You can delete secrets from the UI, just like you can create them.

My post has nothing to do with secrets.

We need some more information about the context in which you’re using the words ‘key’, ‘token’, ‘encrypt’, ‘hash’, etc., because it seems that that terminology has been used loosely, and we can’t provide an appropriate answer until we know exactly what you’re trying to do with those ‘keys’, and how they will be used. From what I’m gathering here, it sounds like you want to Hash keys with bcrypt, and save those hash values in a database table, perhaps with an expiration date that gets checked in the background function, using whatever logic you want to implement in that and other functions. That’s what it sounds like, but I’m just guessing until your exact use case is defined clearly.

Use Anvil secrets to store values that shouldn’t be visible in an app’s source code, such as API keys needed to access third-party Rest APIs, or keys which are used to encrypt / decrypt values stored in a database. Use a database table, with an optional column to store expiration dates, and some optional logic executed in a background task, to store values that you hash with bcrypt, or encrypt / decrypt with key stored in Secrets, or with cryptography.fernet, etc.

Hashing is a one-way operation, in which values can be validated, but not read. It’s useful for securely storing values such as passwords and API ‘keys’ - for example, if you’re creating a rest API with Anvil. Encryption and decryption are two-way operations, which enables a saved value which has been encrypted using a private ‘key’, to be decrypted using that same key. Encryption is useful for saving data in an encrypted state (‘at rest’) in a database, and then reading it back later. This ensures, for example, that if your database tables are breached, they can’t be read by anyone who doesn’t have your decryption key. Anvil Secrets can be used to store encryption keys, and to perform the encryption/decryption routine. We need to know more about exactly what sort of security functionality you intend to implement, and which sort of ‘keys’ you need to work with, in order to give you any more specific help.

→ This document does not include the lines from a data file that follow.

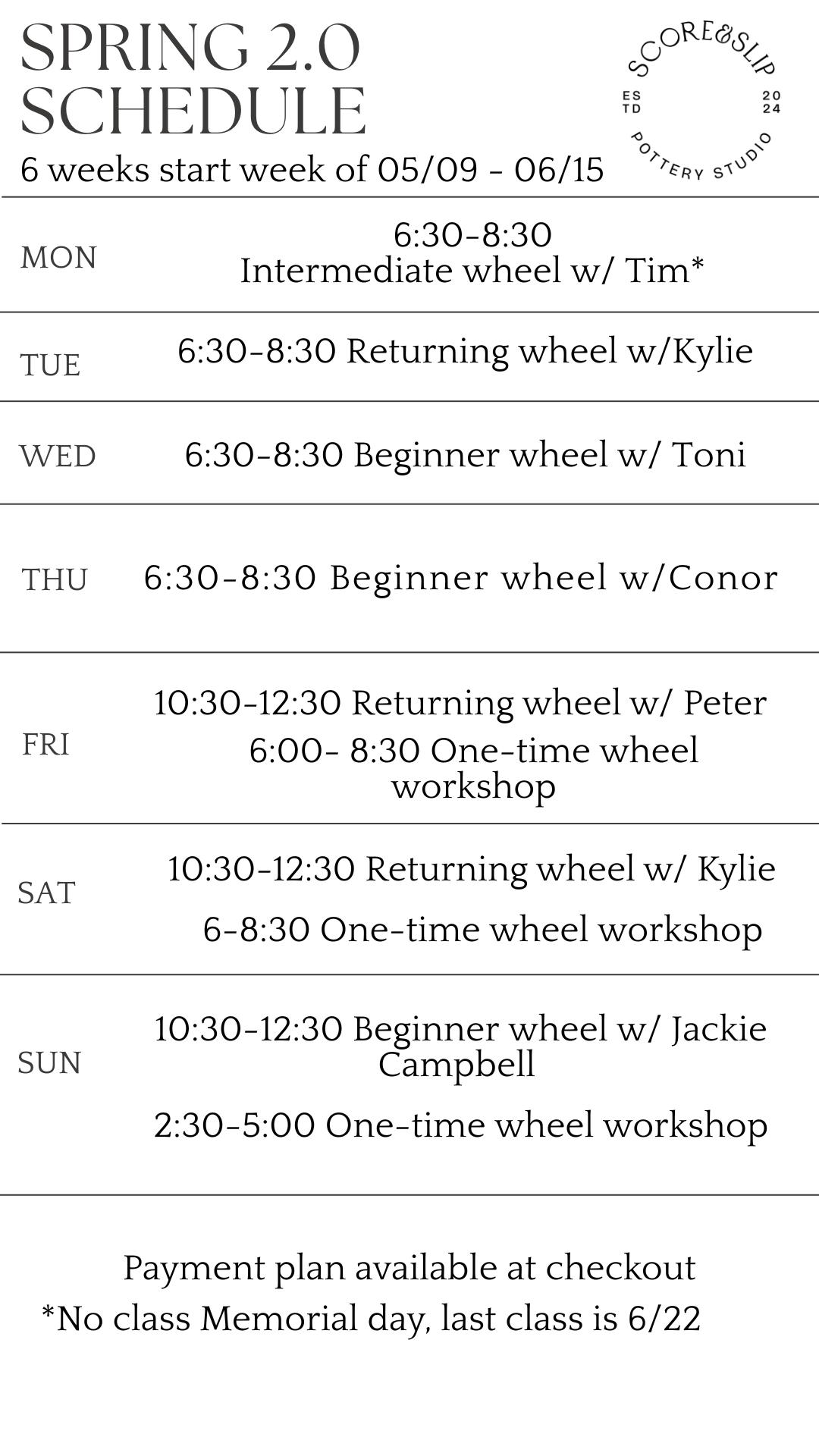 If interested checking out the studio before signing up for a class please email us at hello@scoreandslip.com
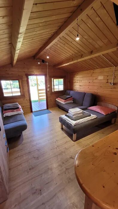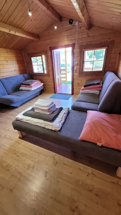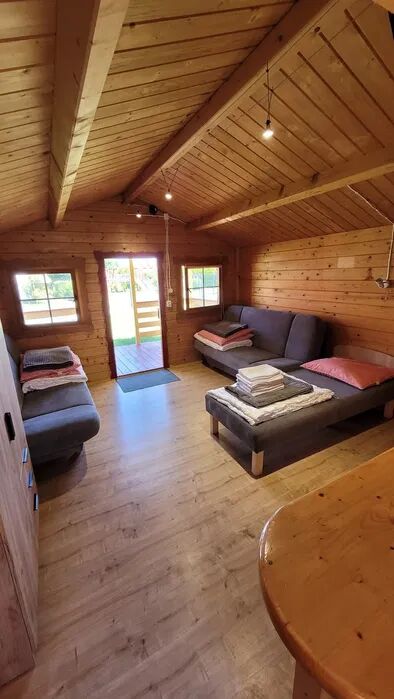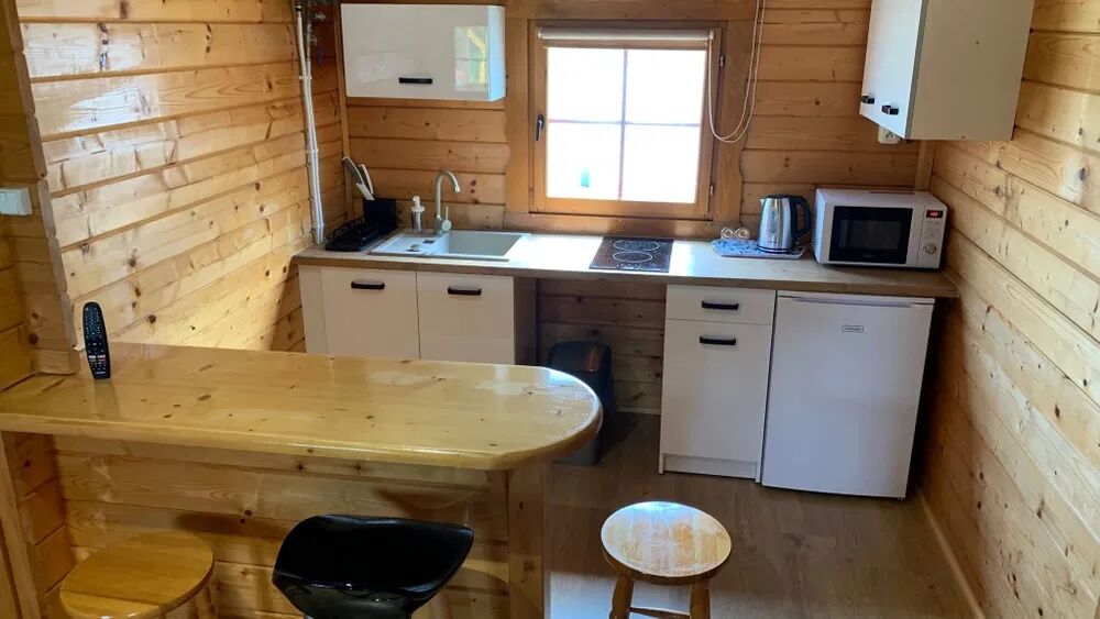 Do dyspozycji Gości oddajemy cztery komfortowe, parterowe domki przeznaczone dla 4–5 osób. Każdy domek składa się z przestronnego pokoju z aneksem kuchennym oraz prywatnej łazienki. W części wypoczynkowej znajdują się dwie rozkładane, dwuosobowe kanapy oraz jednoosobowy tapczan, a także telewizor 40” i pojemna szafa. W cenie pobytu zapewniamy świeżą, białą pościel z bawełny satynowej – prosimy jedynie o zabranie własnych ręczników.
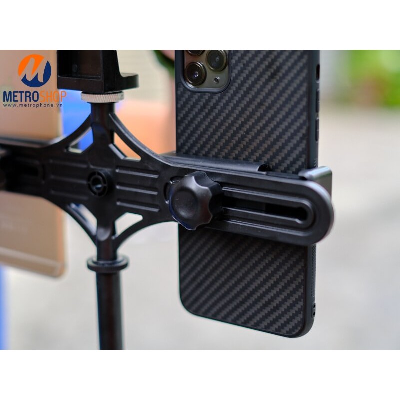 Bộ gắn điện thoại đèn LED và Mic Livestream. Với bộ chia này cho phép bạn gắn cùng lúc hai chiếc điện thoại, thậm chí là ba chiếc nếu cần. Ngoài gắn điện thoại để quay video, Livestream thì với bộ chia này chúng ta có thể gắn thêm đèn LED và MIC hỗ trợ thu âm.
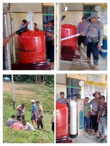 Polsek Ella Hilir Polres Melawi Polda Kalbar – Surau Nurul Hidayah Dusun Popai Desa Popai mendapat bantuan sosial pembangunan sumur bor dan sarana filterisasi air bersih dari Polsek Ella Hilir. Lokasi titik sumur bor dan pemasangan mesin di sekitar lapangan bola Laba’ Bertuah Desa Popai.

I’m working on a project where I need to manage refresh_tokens obtained from a third-party API efficiently. Here’s a step-by-step breakdown of my current process:

1. Obtaining the Refresh Token: I initially get a refresh_token from a third-party API.
2. Token Encryption: Next, I use anvil.secrets.encrypt_with_key("my_key_name", refresh_token) to get a hash_token.
3. Storing the Hash Token: I then save this hash_token in a data table for future reference.
4. Retrieving the Hash Token: When needed, I fetch the hash_token from the table.
5. Decrypting to Get Refresh Token: I use anvil.secrets.decrypt_with_key("my_key_name", hash_token) to retrieve the original refresh_token.
6. Updating the Refresh Token: Here, I obtain an updated refresh_token and restart this process. At this point, I want to delete the current refresh_token entry from the secrets. However, I haven’t found a clear method in the Anvil API for this deletion.

The Challenge: My primary concern is the potential accumulation of thousands of refresh_tokens. Without a way to purge outdated tokens, I’m worried about hitting data limits in my application.

For the use case you’ve described, the only value that should be stored in Anvil secrets is the encryption key that you will use to encrypt and decrypt refresh tokens. The encrypted refresh tokens will be saved to a data table column. You’ll encrypt and decrypt those refresh tokens, using the key stored in Anvil secrets. For your step 6, you need to establish how you will identify encrypted keys that need to be removed. You could set an expiration date in another column of the row storing the encrypted token, and run a scheduled background task to delete expired rows, or you could save any other identifying information that you use to evaluate that the encrypted refresh token stored in that row needs to be deleted.